Last week, Hey Tiger founder Cyan Ta’eed announced the ethical chocolate brand would be closing up shop after just three years (those fatal first three years that claim so many startup businesses). While Hey Tiger enjoyed strong brand love from its consumer base, it faced complexity across other parts of the business.
In her announcement letter, Ta’eed openly cited the challenges plaguing the brand, namely the ability to actually scale and start generating profit. But it’s easy to be a backseat driver in the face of a brand closure; nobody but those inside and at the top really know the depth of the issues that plagued the business and led to its unfortunate closure, so we can only really speculate.
Regardless of the detail behind Hey Tiger’s closure, its case highlights some important reminders for budding social entrepreneurs as well as SMEs, to strategically strike the balance between purpose and what is commercially sound.
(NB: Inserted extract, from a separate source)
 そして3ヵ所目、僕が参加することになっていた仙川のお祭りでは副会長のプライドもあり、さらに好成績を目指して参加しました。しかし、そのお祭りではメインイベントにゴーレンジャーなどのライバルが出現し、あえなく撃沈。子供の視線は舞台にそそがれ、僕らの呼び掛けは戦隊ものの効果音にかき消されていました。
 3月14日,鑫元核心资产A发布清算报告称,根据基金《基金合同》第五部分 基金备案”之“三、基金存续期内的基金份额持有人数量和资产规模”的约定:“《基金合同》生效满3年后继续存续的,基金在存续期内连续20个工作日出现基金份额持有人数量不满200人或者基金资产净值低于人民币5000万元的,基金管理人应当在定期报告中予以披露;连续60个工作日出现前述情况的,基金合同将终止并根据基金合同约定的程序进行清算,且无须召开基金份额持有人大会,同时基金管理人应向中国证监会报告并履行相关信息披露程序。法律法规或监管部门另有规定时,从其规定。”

Engage experts to fill your knowledge gaps
The first lesson is to seek out and connect with people who have the industry experience and skills necessary to help you overcome the difficulties you envisage — or perhaps more pertinently, couldn’t possibly envisage. Creating a trusted circle of advisors surrounding your business is critical, even more so when you’re in unfamiliar territory.
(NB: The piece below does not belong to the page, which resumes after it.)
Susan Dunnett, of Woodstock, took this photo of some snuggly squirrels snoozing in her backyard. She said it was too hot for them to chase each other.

This idea brings together two key principles of the effectuation entrepreneurship theory, proposed by Dr Saras Sarasvathy. The first step is to understand your capabilities and what your limitations are. This then allows you to identify who to look at to form strategic partnerships and collaborations with to fill capability gaps.
And that’s more than just hiring a consultant or engaging a partner, it’s about being collaborative and weaving their skills together with yours, to then iterate together to increase the overall capability of the business.
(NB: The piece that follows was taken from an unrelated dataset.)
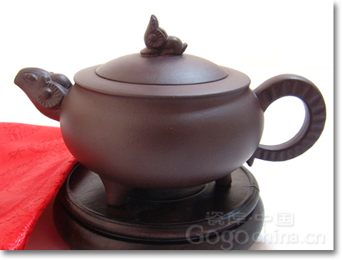 而在陶瓷生產(chǎn)中,自輪制成型工藝發(fā)明后,圓形器便成了器形的主流,這是因為圓器使用方便,易于生產(chǎn)。但是輪制成型的器物受到同心圓的制約,形體只能上下有變化,使造型局限在一定范圍內(nèi)。而紫砂壺則打身筒和鑲身筒兩種基本手工成型,這使宜興陶工不單可制作圓形等類的對稱形體,亦可做出許多非對稱和有雕塑感的茶壺類。這種有機造型的形體,具有上下、前后、左右三度空間,造型領(lǐng)域的擴大,使壺體的設(shè)計樣式更豐富多變,花貨類中的樹癭壺、束柴三友壺、南瓜壺和梅干壺及光貨類中的伏虎壺、追月壺和小之泉壺等都是非對稱形式的有機造型表現(xiàn),這種造型是通過周視效果來表現(xiàn)其整體統(tǒng)一感,其設(shè)計是多層次的結(jié)構(gòu)變化。設(shè)計者把造型最富變化的線、面、體表現(xiàn)在壺體的主觀面,通過視覺的流動,使各部分造型在連續(xù)變化中取得有機的溶合。如南瓜壺,它以視覺上的回環(huán)轉(zhuǎn)向來表達(dá)自然生機的變化感和造型上的整體感。

Work through your values with your commercial reality
Having bold impact goals is admirable, but the commercial viability of the business needs to be part of that consideration for it to feel like you’re making progress towards that goal. There is absolutely nothing wrong with having a big audacious vision for your impact. In fact, it’s recommended!
Tempering that to align with what is achievable for where you’re at isn’t about making that vision any weaker, it’s about being financially pragmatic. When it comes to acting on your values, there are more methods than just financial contribution that equate to positive impact outside of your business.
This presents an opportunity to think creatively about the impact you want to have and how to scale that in line with your growth over time. It could also be a source of competitive advantage or another angle to explore your brand story from, all of which contributes back to building your brand equity.
Lessons from Hey Tiger: Make strategy a habit
Solidifying your strategic foundations at the outset is always recommended. Taking full stock of the conditions surrounding your bold entry into market forms the initial stage of that. What is easy to overlook, however, are regular opportunity and risk assessments to help scenario plan for changing conditions.
Sure, a pandemic isn’t going to threaten the economy all that frequently (hopefully), but certainly recessions and dips in consumer spending do. Planning ahead for what resources need to shift or actions need to be taken if certain conditions present themselves is savvy business.
Forming strategic partnerships to bolster your buying power or shore up resources throughout the supply chain can be clever ways to weather external forces that are outside of your control. They potentially align with disrupting the status quo in another way, if your big vision isn’t quite within reach yet.
Purpose-led businesses can find themselves stuck in a gooey centre, as Hey Tiger has, where impact is too great for the business side to keep up with sustainably. One way to avoid getting stuck here is to have strategic structures in place to form a tether, so that impact goals are more progressive and in line with commercial reality.
It’s quite bitter to see a disruptive, vibrant and conscious brand like Hey Tiger have to close its doors. It is, however, a stand out example of a brand not wanting to compromise its values and what it sought out to do. Closure is a difficult, gut-wrenching decision, but ultimately allows the brand’s integrity to remain intact.
It’s critical to learn from the real reasons behind brand failures, particularly social enterprises, so that future entrepreneurs can learn from the missteps.